Production handoff: what to package with your concepts

With each concept set, include: a slot map (front/back/side orthos with slot outlines), a compatibility matrix, palette remap sheets, decal legal zones, budget boxes, and a beat flow diagram. Export layered PSDs with masks aligned to probable UV shells to speed baking of palette channels and decals. Include a short readme paragraph per set that states the rules in plain language so design, tech art, and UI can implement them without reverse engineering the boards.

Common pitfalls and how to avoid them

Most issues stem from unseen dependencies. Big hair under hoods, chin guards that block emotes, backpack straps that erase emblem reads, grenade bands that intersect jacket buttons, palette swaps that darken skin or metal beyond readability—each is preventable if the rules are visible in the concept.

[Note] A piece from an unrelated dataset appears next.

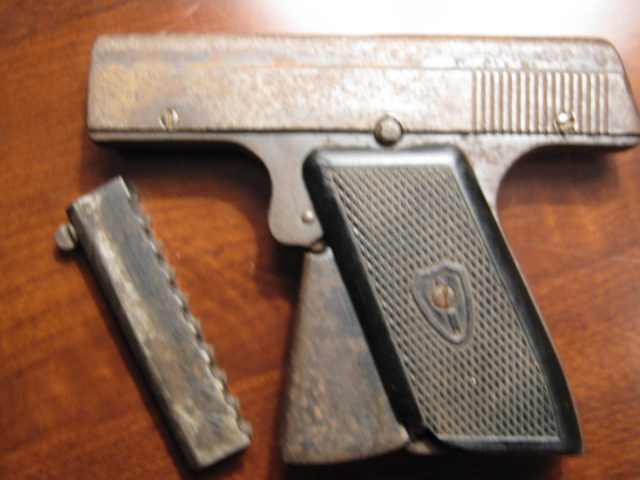 Где то валяется и у меня такой. Выпуск 1960г. 8 зарядный, жевело. У вашем стартаке не хватает флажка, служит типо предохранителя, а также чтобы вынуть магазин.

Always run a quick conflict pass: layer all variants atop each other at thumbnail size; any flashing edges or occluded reads are dependency flags. Where possible, propose an auto-swap solution rather than an outright disallow, because players value expression.

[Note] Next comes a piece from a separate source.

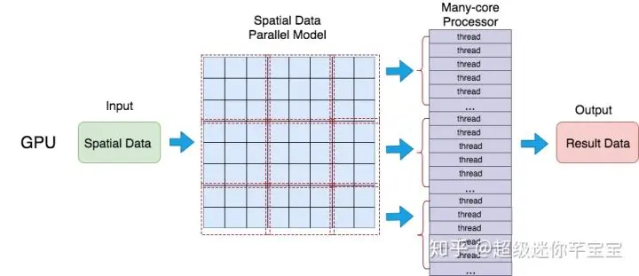 系统提供了CPU与GPU异构计算框架,能自动检测GPU环境,并建立基于规则的优化方法选择评估CPU计算、GPU计算或混合计算,用户做到无感知。在空间计算方面,建立了GIS空间并行模型(如栅格数据的Raster-Chunk-Cell框架)与CUDA(显卡厂商NVIDIA推出的运算平台)并行模型的最佳适配,达到减少GPU任务调度,最大化利用GPU资源的目的。

Closing: design for freedom inside constraints

Slot systems and dependency maps don’t limit creativity—they multiply it by making combinations reliable. When your concepts capture not only the look of parts but also the contracts those parts uphold, production can ship broader wardrobes with fewer bugs, and players can create expressive, coherent looks that survive every camera, biome, and beat. Treat slots as interfaces, design dependencies as readable rules, and your characters will scale from a single hero to an ecosystem of variants without losing identity.